Photo by Cherie Nutting
Robert Palmer
Born in Little Rock, Arkansas, Palmer worked as a contributing editor for Rolling Stone for nearly three decades. He became The New York Times’s first full time rock writer in the late 1970s and its pop editor in the 1980s. Palmer is also known for his book-length studies of American popular music, which include Deep Blues and Rock & Roll: An Unruly History. A member of the seminal 1960s band, The Insect Trust, Palmer was an avid musician until his death in 1997. As a lecturer in ethnomusicology, he taught at Yale, Bowdoin, The University of Mississippi, and Carnegie Mellon. Palmer was also involved in keeping contemporary blues alive through his work as a producer for Fat Possum Records. For more on Robert Palmer click here.
Bachir Attar
Bachir Attar was only 5 when Brian Jones visited Jajouka, studied the traditions of the Master Musicians under his father Jnuin, the leader of the musicians until his death in the 1980s. Bachir has lived in Paris and New York as well as Jajouka. He has played gimbri, rhaita and lira all over the world, both with the Master Musicians and as a solo artist. He has collaborated with a wide range of musicians, including Deborah Harry, Ornette Coleman, Talvin Singh, Bill Laswell, Maceo Parker, Lee Ranaldo, and The Rolling Stones. For more information about Bachir and the Master Musicians, visit www.jajouka.com
Photo by Paul Misso
Jajouka
Jajouka became a counterculture icon in the late 1960s, when Brian Jones of the Rolling Stones proclaimed that even he had trouble keeping up with the “constant strain of the festival” during Jajouka’s ritual performances. Tradition says that the village’s musical tradition was a gift to the Attar family from Sidi Ahmed Sheik, one of the first Islamic missionaries to visit the region. The village’s music and rituals may also be survivals of the worship of Pan and Astarte, or the rituals of the Roman Lupercalia. Each year, Bou Jeloud emerges from his cave in the form of a villager dressed in goat skins, and the Master Musicians celebrate his arrival with music from blaring rhaitas and pounding drums. They offer him Crazy Aisha as a wife and allow him to run amok, flailing local women with tree branches reputed to make them pregnant in a year’s time. A long list of Western musicians – from Ornette Coleman to Talvin Singh – have made their own pilgrimages to hear Jajouka’s music. Such attention has produced amazing musical collaborations, but has also stirred up jealousy and allowed the musicians (and sometimes their visitors) to become lost in translation.

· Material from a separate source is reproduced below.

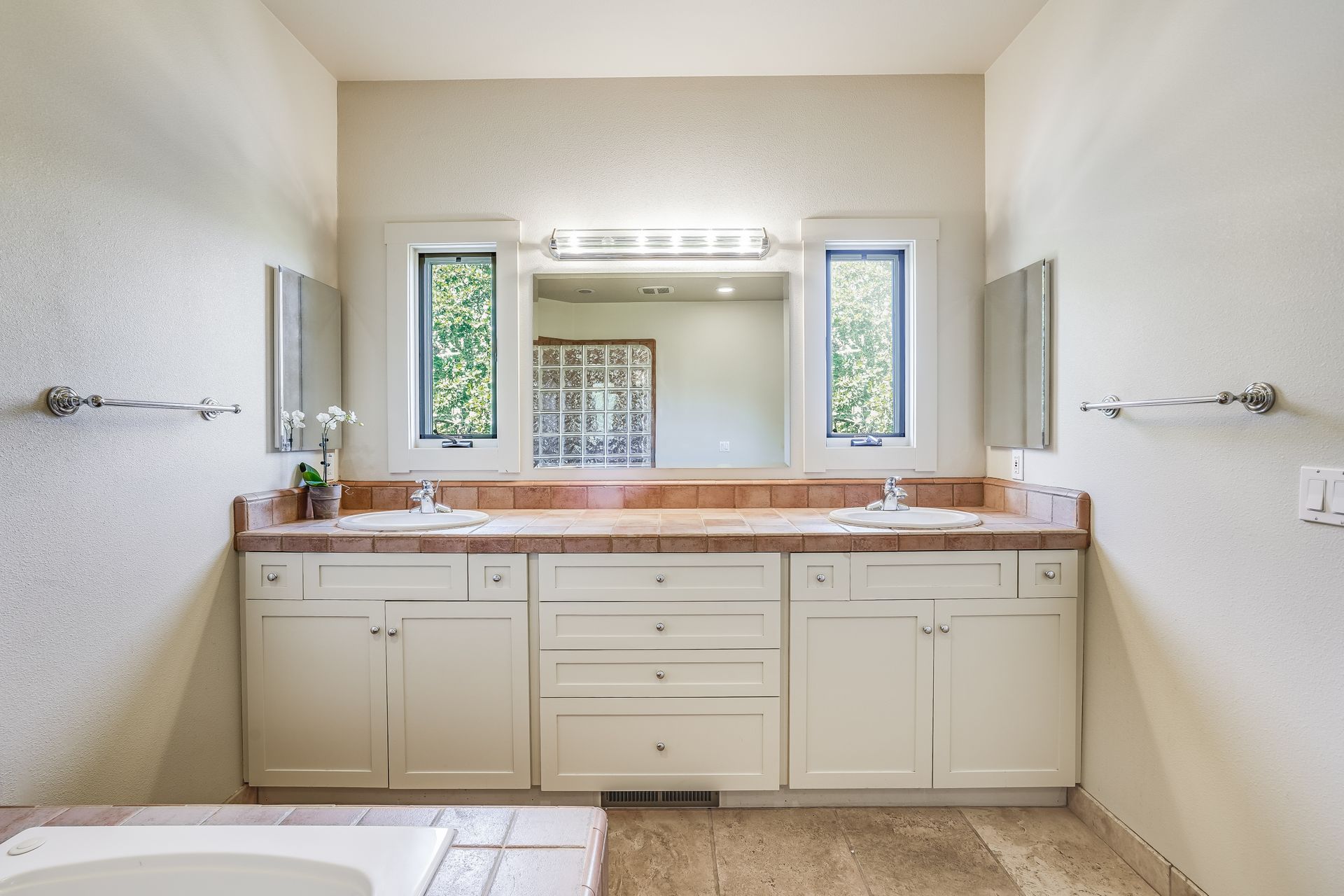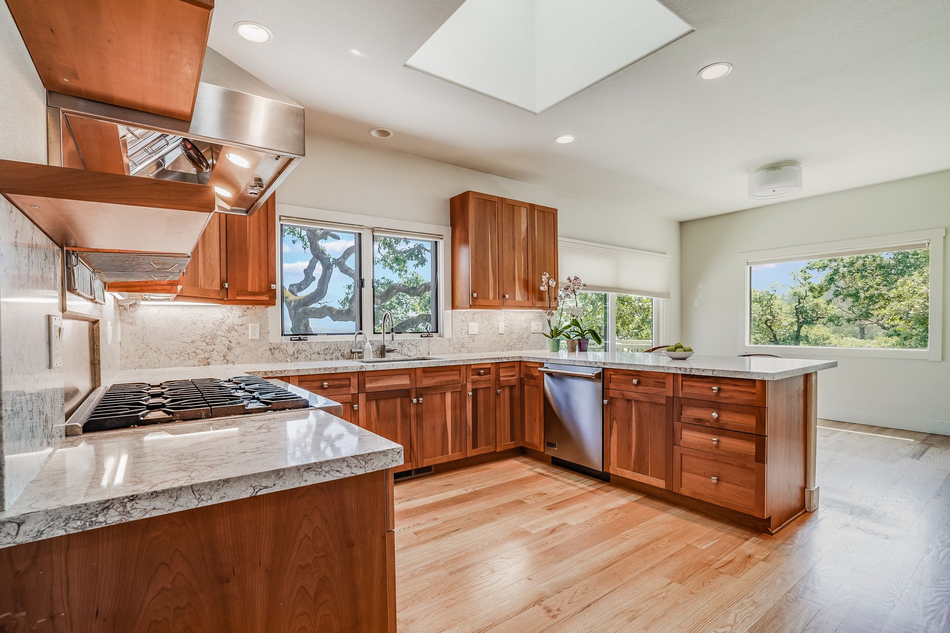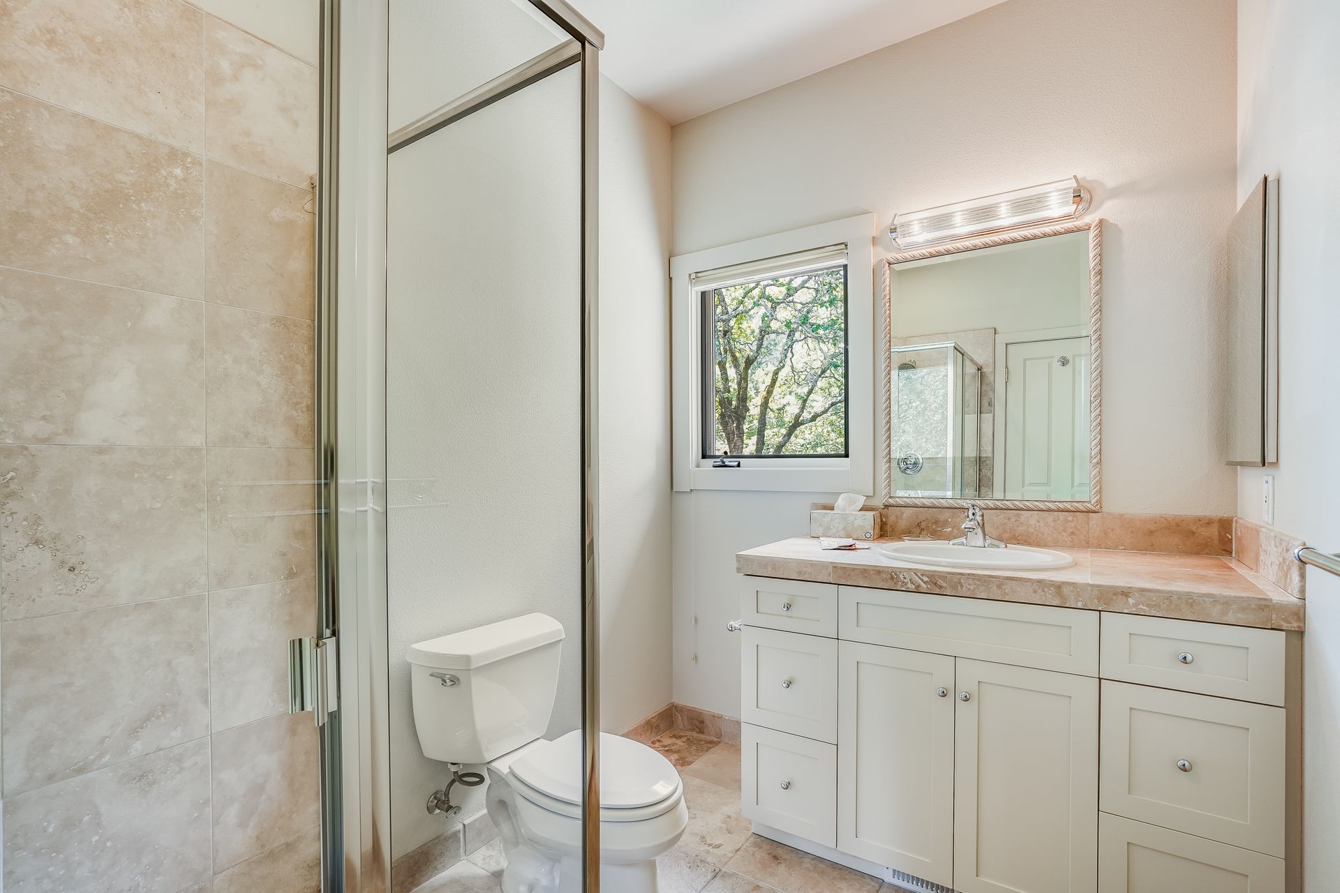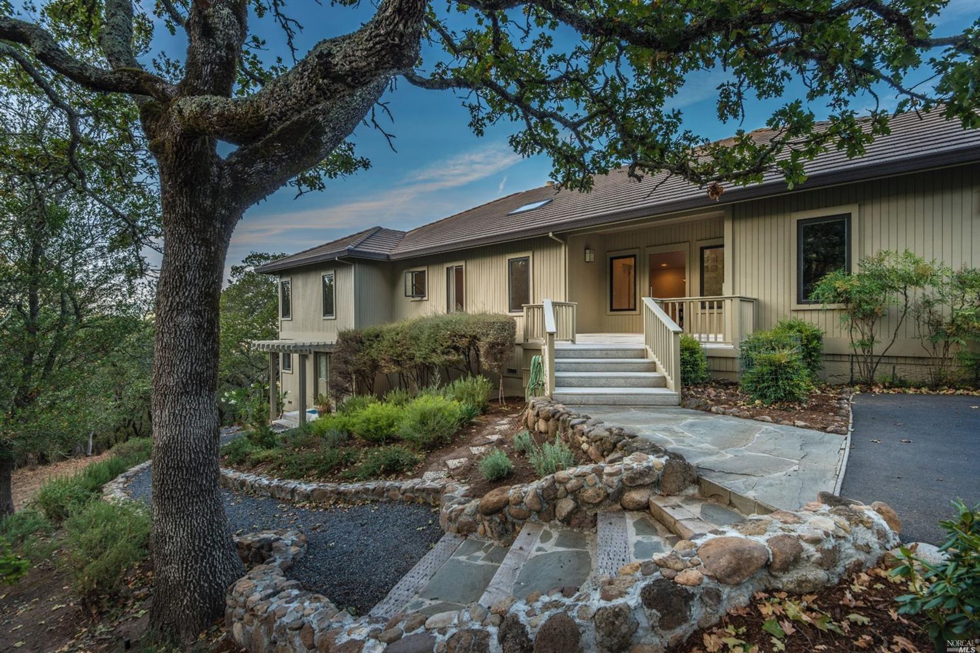 This custom designed single story home offers 4 Bedrooms, 4.5 bathrooms. Step into the large entry hall & spacious great room & be wowed by the spectacular views, gorgeous hardwood floors (throughout) & slider to deck running the width of the house. Remodeled kitchen has light stone counters, Subzero fridge, Viking range & Viking dishwasher, casual eating & slider to deck. Off the deck is fenced dog-run & pond. The three very spacious bedrooms on the main level each have ensuite bathrooms. Master has two cedar walled walk-in closets. The home has newer Tesla solar & battery so very low $ electric. The lower level has separate entrance & provides 4th BD & BA, great for guests or workout room, private home-office, school room, art studio, plus workshop area. A few steps away is fenced garden area w/ shed. This spectacular home has so much to offer & will please even the most discriminating buyer. All age-not Oakmont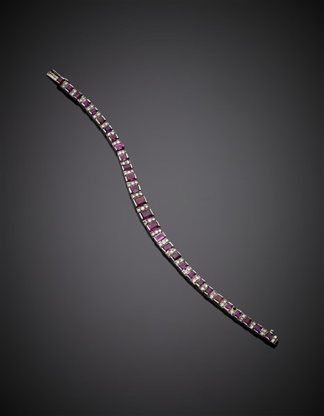 Bracciale in oro bianco rubini rettangolari a scalare e diamanti rotondi, g 10,10 circa, lungh. cm 15,50 circa. (mancanze)

For more about Jajouka and its history, visit link http://www.jajouka.com/
Augusta Palmer
A painter, scholar and filmmaker, Augusta was a toddler in Arkansas when her father first visited Jajouka. Augusta studied film production at Sarah Lawrence College and went on to earn a Ph.D. in Cinema Studies from New York University’s Tisch School of the Arts. Palmer is the co-director of the recently completed If You Succeed (2006), a verite documentary about a young black entrepreneur’s struggle to start a business on a troubled Brooklyn block. As a film scholar, Augusta specializes in Chinese cinema and has taught film history and criticism at several universities, including N.Y.U., Brooklyn College, and Sarah Lawrence College.